## Required action
Copy every line of the data below exactly as given, except for the pictures.

## Data provided

....

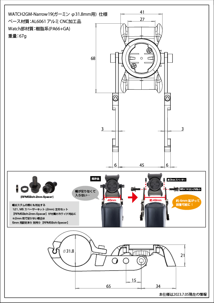 ◆ハンドルのクランプ径(サイズ) 31.8mm用(標準サイズ)で出荷。※31.7mm対応(ゴムシムなど利用不可)
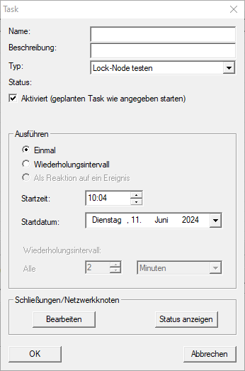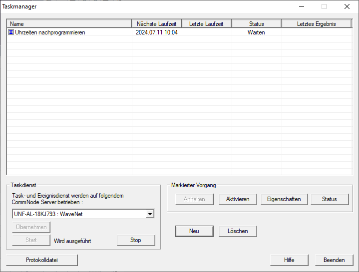 - Wenn Sie den Taskmanager schließen, dann überträgt die LSM die notwendigen Informationen selbst an den eingestellten Kommunikationsknoten (zur Einstellung des Kommunikationsknotens für Task- und Ereignismanager siehe auch Taskdienst einstellen). Danach wird Ihr Task regelmäßig ausgeführt, solange der entsprechende Kommunikationsknoten läuft.
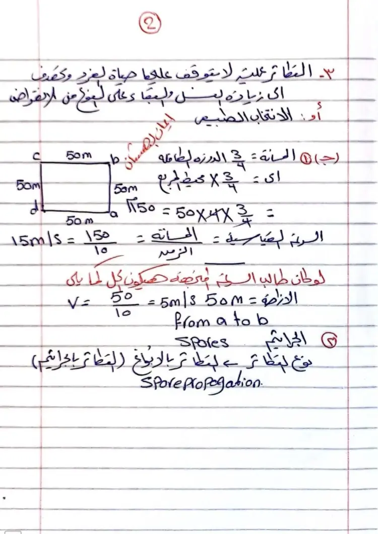 حسابات الزمن: زمن وصول الطالب الأول = 1000 ÷ 10 = 100 ثانية. زمن وصول الطالب الثاني = 1000 ÷ 20 = 50 ثانية. الفرق بين الطالبين = 100 - 50 = 50 ثانية.

....

## Response to this task
 ◆ハンドルのクランプ径(サイズ) 31.8mm用(標準サイズ)で出荷。※31.7mm対応(ゴムシムなど利用不可)
 - Wenn Sie den Taskmanager schließen, dann überträgt die LSM die notwendigen Informationen selbst an den eingestellten Kommunikationsknoten (zur Einstellung des Kommunikationsknotens für Task- und Ereignismanager siehe auch Taskdienst einstellen). Danach wird Ihr Task regelmäßig ausgeführt, solange der entsprechende Kommunikationsknoten läuft.
 حسابات الزمن: زمن وصول الطالب الأول = 1000 ÷ 10 = 100 ثانية. زمن وصول الطالب الثاني = 1000 ÷ 20 = 50 ثانية. الفرق بين الطالبين = 100 - 50 = 50 ثانية.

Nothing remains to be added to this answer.